__Task requirements__. Starting at the line below holding "Ich komme hinzu" and stopping at the line holding "Dyplom w formacie", print every line exactly, both ends included, and leave the rest out.

(Records from a data source)
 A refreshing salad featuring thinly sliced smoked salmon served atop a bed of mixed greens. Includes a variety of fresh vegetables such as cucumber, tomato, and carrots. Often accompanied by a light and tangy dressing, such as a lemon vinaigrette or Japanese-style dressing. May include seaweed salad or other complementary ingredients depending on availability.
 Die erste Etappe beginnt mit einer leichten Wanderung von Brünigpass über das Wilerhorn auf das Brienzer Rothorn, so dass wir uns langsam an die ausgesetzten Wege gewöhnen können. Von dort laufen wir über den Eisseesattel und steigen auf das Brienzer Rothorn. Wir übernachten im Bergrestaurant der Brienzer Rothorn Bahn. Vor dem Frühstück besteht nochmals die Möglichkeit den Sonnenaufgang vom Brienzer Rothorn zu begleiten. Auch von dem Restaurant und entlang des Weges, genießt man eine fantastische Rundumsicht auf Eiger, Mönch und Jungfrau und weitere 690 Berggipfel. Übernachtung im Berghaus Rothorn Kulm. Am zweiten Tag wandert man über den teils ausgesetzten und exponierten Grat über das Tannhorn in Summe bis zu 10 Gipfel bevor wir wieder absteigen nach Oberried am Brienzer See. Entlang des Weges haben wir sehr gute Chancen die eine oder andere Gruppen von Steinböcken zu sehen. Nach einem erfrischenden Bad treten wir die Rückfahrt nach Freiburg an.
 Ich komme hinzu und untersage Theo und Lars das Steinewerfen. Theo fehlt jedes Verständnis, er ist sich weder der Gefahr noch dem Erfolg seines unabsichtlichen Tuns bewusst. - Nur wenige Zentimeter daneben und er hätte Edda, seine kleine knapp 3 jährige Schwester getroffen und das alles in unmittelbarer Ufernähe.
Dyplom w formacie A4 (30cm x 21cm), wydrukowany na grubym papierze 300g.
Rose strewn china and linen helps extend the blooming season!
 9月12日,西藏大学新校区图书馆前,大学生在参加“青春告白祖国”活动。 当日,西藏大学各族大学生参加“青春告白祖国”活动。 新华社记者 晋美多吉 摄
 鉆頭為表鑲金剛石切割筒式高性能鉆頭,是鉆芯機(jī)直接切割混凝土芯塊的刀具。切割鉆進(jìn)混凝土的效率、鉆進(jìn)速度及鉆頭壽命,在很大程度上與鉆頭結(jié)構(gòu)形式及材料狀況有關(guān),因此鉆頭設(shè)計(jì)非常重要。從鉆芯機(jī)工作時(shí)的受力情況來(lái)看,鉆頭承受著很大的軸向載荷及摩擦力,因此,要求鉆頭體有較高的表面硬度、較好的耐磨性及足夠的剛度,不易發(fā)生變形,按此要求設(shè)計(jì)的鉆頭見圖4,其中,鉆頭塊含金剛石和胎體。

__Result__.
 Ich komme hinzu und untersage Theo und Lars das Steinewerfen. Theo fehlt jedes Verständnis, er ist sich weder der Gefahr noch dem Erfolg seines unabsichtlichen Tuns bewusst. - Nur wenige Zentimeter daneben und er hätte Edda, seine kleine knapp 3 jährige Schwester getroffen und das alles in unmittelbarer Ufernähe.
Dyplom w formacie A4 (30cm x 21cm), wydrukowany na grubym papierze 300g.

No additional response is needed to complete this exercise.